Saved data entries:
########

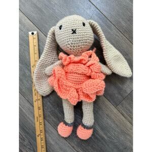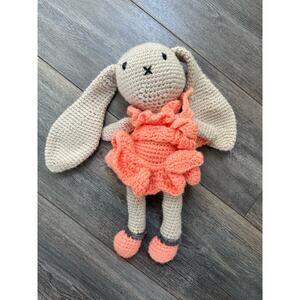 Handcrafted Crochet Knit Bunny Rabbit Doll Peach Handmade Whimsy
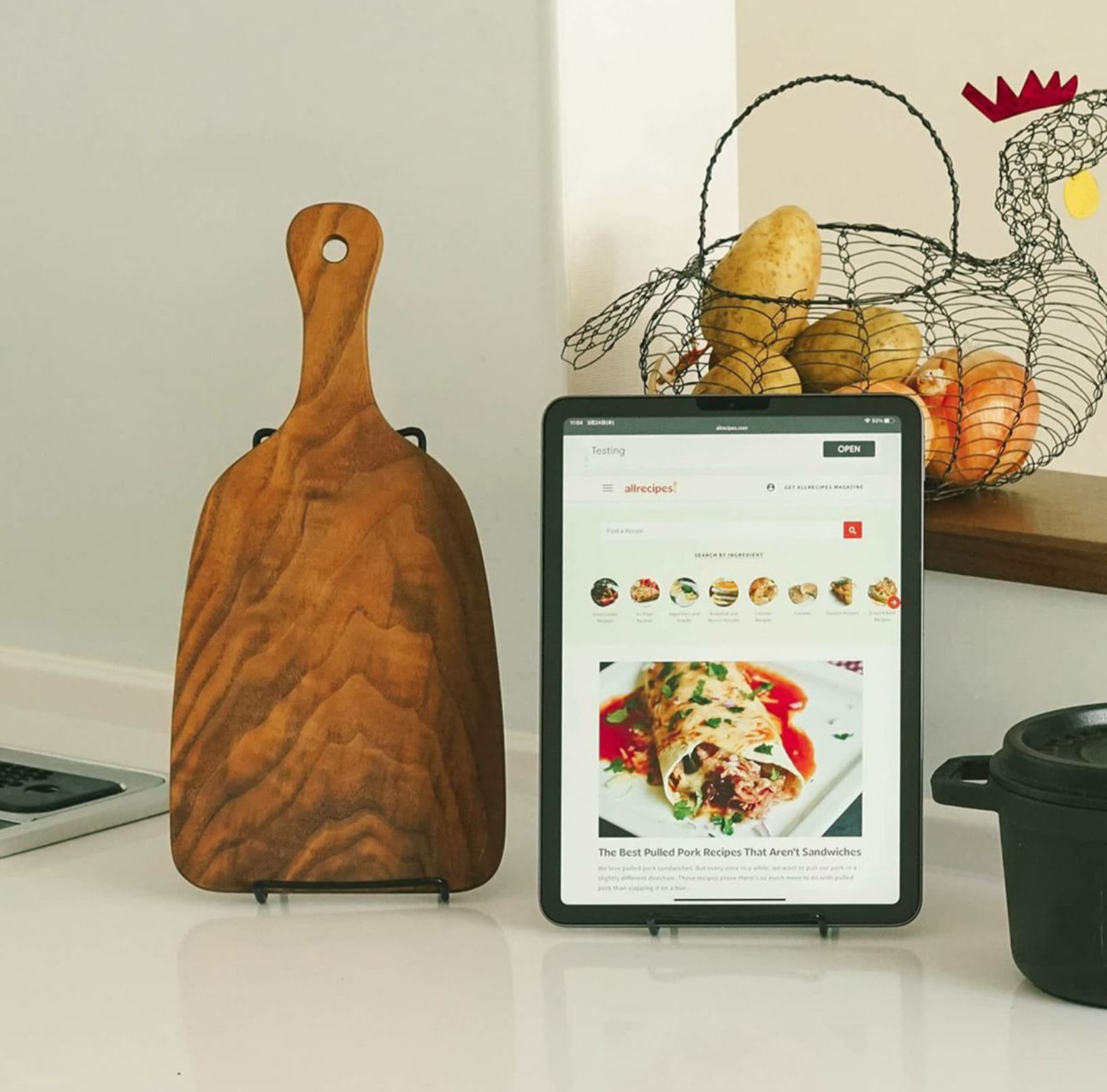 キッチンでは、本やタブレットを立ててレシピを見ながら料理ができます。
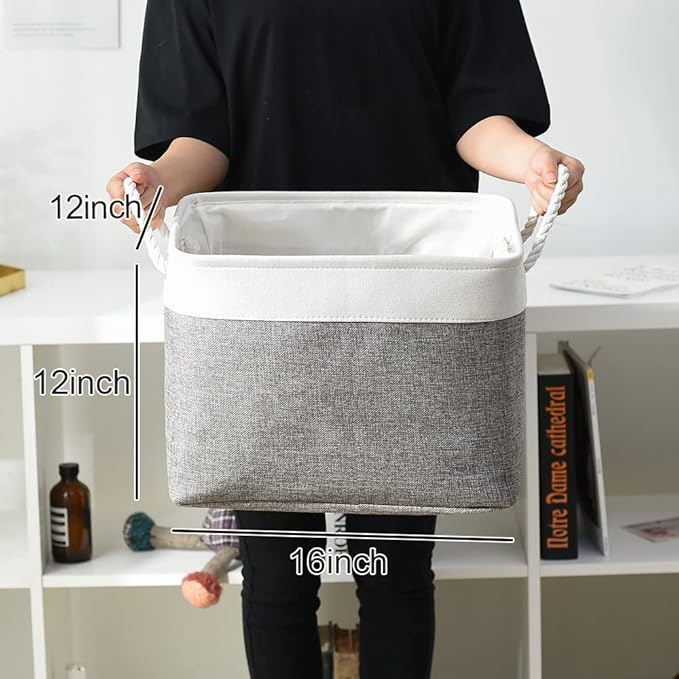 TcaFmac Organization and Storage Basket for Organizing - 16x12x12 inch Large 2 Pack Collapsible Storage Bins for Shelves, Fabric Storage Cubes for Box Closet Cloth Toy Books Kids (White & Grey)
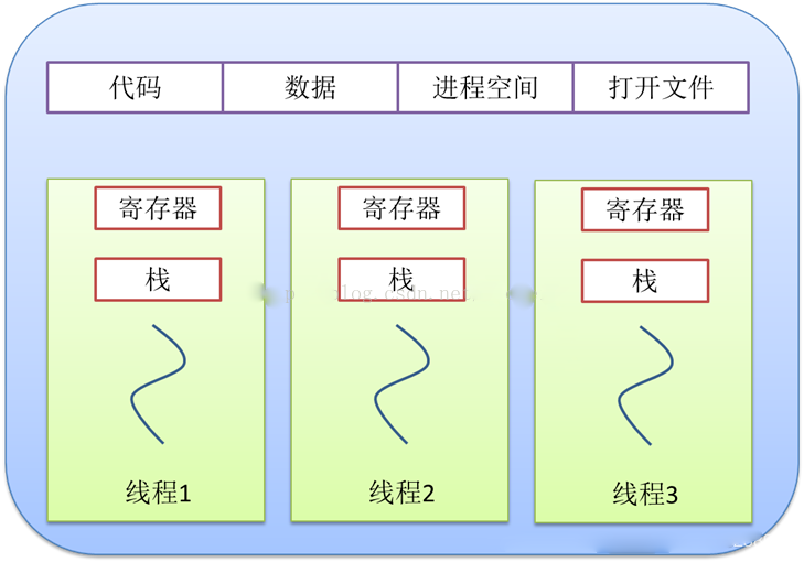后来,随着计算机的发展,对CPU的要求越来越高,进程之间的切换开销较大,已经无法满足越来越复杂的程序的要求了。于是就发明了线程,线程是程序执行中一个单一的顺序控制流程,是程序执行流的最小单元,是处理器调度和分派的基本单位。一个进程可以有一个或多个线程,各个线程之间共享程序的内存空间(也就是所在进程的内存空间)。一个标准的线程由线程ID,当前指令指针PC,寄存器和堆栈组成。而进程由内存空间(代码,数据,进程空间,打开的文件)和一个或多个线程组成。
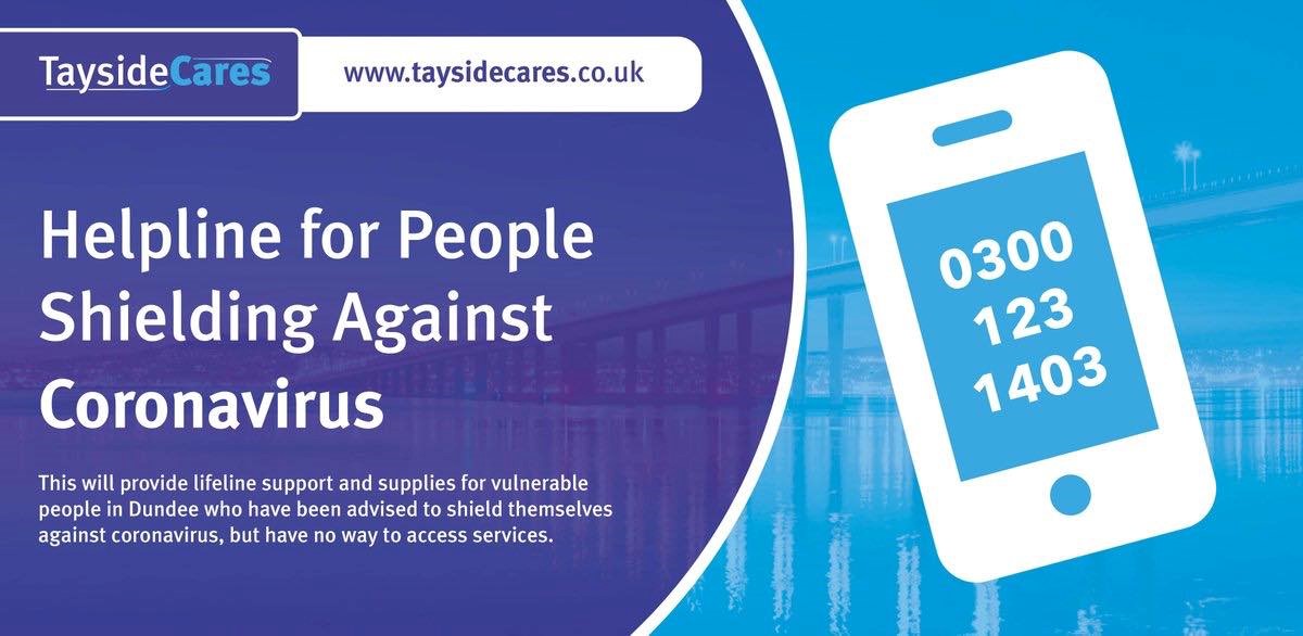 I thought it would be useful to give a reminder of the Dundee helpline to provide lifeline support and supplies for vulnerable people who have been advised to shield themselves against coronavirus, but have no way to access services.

########

Set down the records above exactly as written, beginning with the first line and ending with the line that contains "TcaFmac Organization and", and do not include pictures.

 Handcrafted Crochet Knit Bunny Rabbit Doll Peach Handmade Whimsy
 キッチンでは、本やタブレットを立ててレシピを見ながら料理ができます。
 TcaFmac Organization and Storage Basket for Organizing - 16x12x12 inch Large 2 Pack Collapsible Storage Bins for Shelves, Fabric Storage Cubes for Box Closet Cloth Toy Books Kids (White & Grey)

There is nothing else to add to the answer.